TODO: this section is still heavily under construction. key questions about availability cores and validator assignment are still open and the flow of the the section may be contradictory or inconsistent

The Scheduler module is responsible for two main tasks:

Partitioning validators into groups and assigning groups to parachains.
Scheduling parachains for each block

It aims to achieve these tasks with these goals in mind:

It should be possible to know at least a block ahead-of-time, ideally more, which validators are going to be assigned to which parachains.
Parachains that have a candidate pending availability in this fork of the chain should not be assigned.
Validator assignments should not be gameable. Malicious cartels should not be able to manipulate the scheduler to assign themselves as desired.
High or close to optimal throughput of parachains. Work among validator groups should be balanced.

Availability Cores

The Scheduler manages resource allocation using the concept of "Availability Cores". There will be one availability core for each lease holding parachain, and a fixed number of cores used for multiplexing on-demand parachains. Validators will be partitioned into groups, with the same number of groups as availability cores. Validator groups will be assigned to different availability cores over time.

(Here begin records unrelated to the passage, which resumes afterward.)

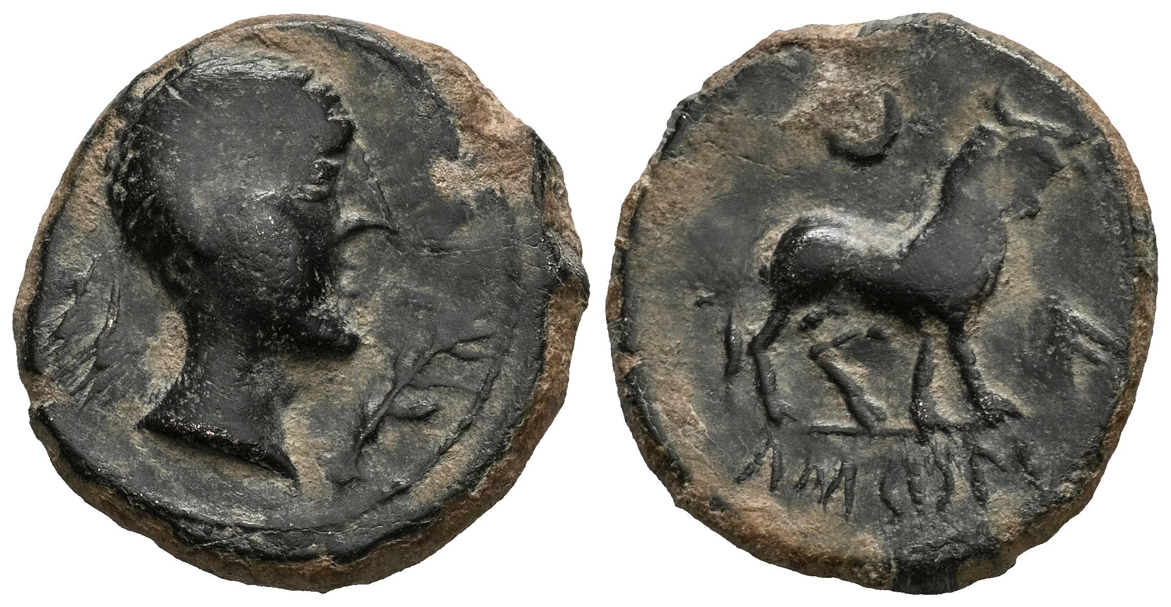 Kastilo-Castulo. Half unit. 180 BC. Cazlona (Jaén). (Abh-720). (MIB-157/46). (Acip-2149). Anv.: Diademed male head right, palm before. Rev.: Bull right, crescent above, iberian letter KA before and legend KASTILO below line. Ae. 4,87 g. VF. Est...50,00.
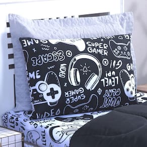 A belíssima fronha GAME é ideal para a cama de seu filho a . Ela deixa seu quarto o confortável e personalizado e ainda é dupla face um lado estampada em branco e o outro em preto tendo dois produtos em um
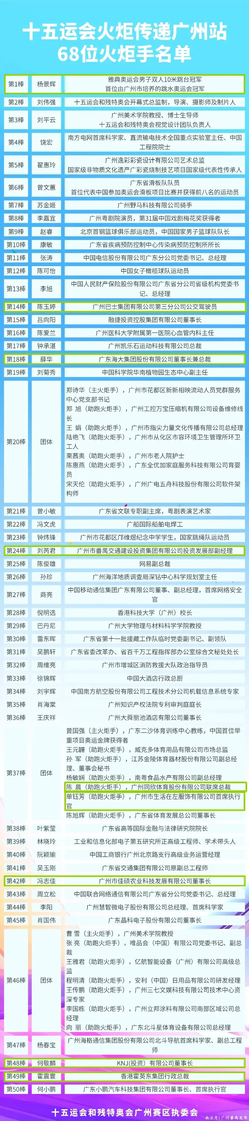 首位由广州市培养的跳水奥运会冠军杨景辉领衔68位火炬手。此外,来自体育界的火炬手,还有篮球运动员赵睿、滑板运动员曾文蕙、橄榄球运动员陈可怡、举重奥运冠军曾国强等。
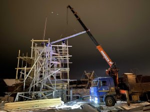 В этот же день удалось при помощи крана разместить в мельнице несколько крепких 7-метровых закладных брёвен. Они были заготовлены ещё летом 2021 года специалистами лесопромышленного концерна Кипелово по заказу музея. Этот материал будет служить основой для площадки, удерживающей "шапку" шатровой мельницы над нижней частью сооружения.
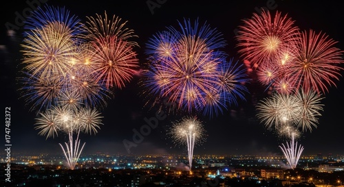 Colorful fireworks against a dark sky, celebrating a special occasion.

An availability core can exist in either one of two states at the beginning or end of a block: free or occupied. A free availability core can have a lease holding or on-demand parachain assigned to it for the potential to have a backed candidate included. After backing, the core enters the occupied state as the backed candidate is pending availability. There is an important distinction: a core is not considered occupied until it is in charge of a block pending availability, although the implementation may treat scheduled cores the same as occupied ones for brevity. A core exits the occupied state when the candidate is no longer pending availability - either on timeout or on availability. A core starting in the occupied state can move to the free state and back to occupied all within a single block, as availability bitfields are processed before backed candidates. At the end of the block, there is a possible timeout on availability which can move the core back to the free state if occupied.

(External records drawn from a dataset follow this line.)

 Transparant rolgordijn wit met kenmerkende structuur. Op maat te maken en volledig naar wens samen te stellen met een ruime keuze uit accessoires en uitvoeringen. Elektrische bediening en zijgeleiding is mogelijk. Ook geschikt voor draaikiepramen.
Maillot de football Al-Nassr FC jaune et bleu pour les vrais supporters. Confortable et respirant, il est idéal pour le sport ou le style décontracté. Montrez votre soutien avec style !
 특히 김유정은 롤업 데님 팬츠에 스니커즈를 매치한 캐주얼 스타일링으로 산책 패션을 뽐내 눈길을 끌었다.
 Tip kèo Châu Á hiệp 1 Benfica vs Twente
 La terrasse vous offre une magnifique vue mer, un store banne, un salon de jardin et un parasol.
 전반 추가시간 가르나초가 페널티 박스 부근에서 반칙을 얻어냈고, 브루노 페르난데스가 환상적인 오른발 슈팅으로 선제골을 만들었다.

Cores are treated as an ordered list and are typically referred to by their index in that list.

Validator Groups

Validator group assignments do not need to change very quickly. The security benefits of fast rotation are redundant with the challenge mechanism in the Approval process. Because of this, we only divide validators into groups at the beginning of the session and do not shuffle membership during the session. However, we do take steps to ensure that no particular validator group has dominance over a single lease holding parachain or on-demand parachain-multiplexer for an entire session to provide better guarantees of live-ness.

Validator groups rotate across availability cores in a round-robin fashion, with rotation occurring at fixed intervals. The i'th group will be assigned to the (i+k)%n'th core at any point in time, where k is the number of rotations that have occurred in the session, and n is the number of cores. This makes upcoming rotations within the same session predictable.

When a rotation occurs, validator groups are still responsible for distributing availability chunks for any previous cores that are still occupied and pending availability. In practice, rotation and availability-timeout frequencies should be set so this will only be the core they have just been rotated from. It is possible that a validator group is rotated onto a core which is currently occupied. In this case, the validator group will have nothing to do until the previously-assigned group finishes their availability work and frees the core or the availability process times out. Depending on if the core is for a lease holding parachain or on-demand parachain, a different timeout t from the HostConfiguration will apply. Availability timeouts should only be triggered in the first t-1 blocks after the beginning of a rotation.

Claims

On-demand parachains operate on a system of claims. Collators purchase claims on authoring the next block of an on-demand parachain, although the purchase mechanism is beyond the scope of the scheduler. The scheduler guarantees that they'll be given at least a certain number of attempts to author a candidate that is backed. Attempts that fail during the availability phase are not counted, since ensuring availability at that stage is the responsibility of the backing validators, not of the collator. When a claim is accepted, it is placed into a queue of claims, and each claim is assigned to a particular on-demand parachain-multiplexing core in advance. Given that the current assignments of validator groups to cores are known, and the upcoming assignments are predictable, it is possible for on-demand parachain collators to know who they should be talking to now and how they should begin establishing connections with as a fallback.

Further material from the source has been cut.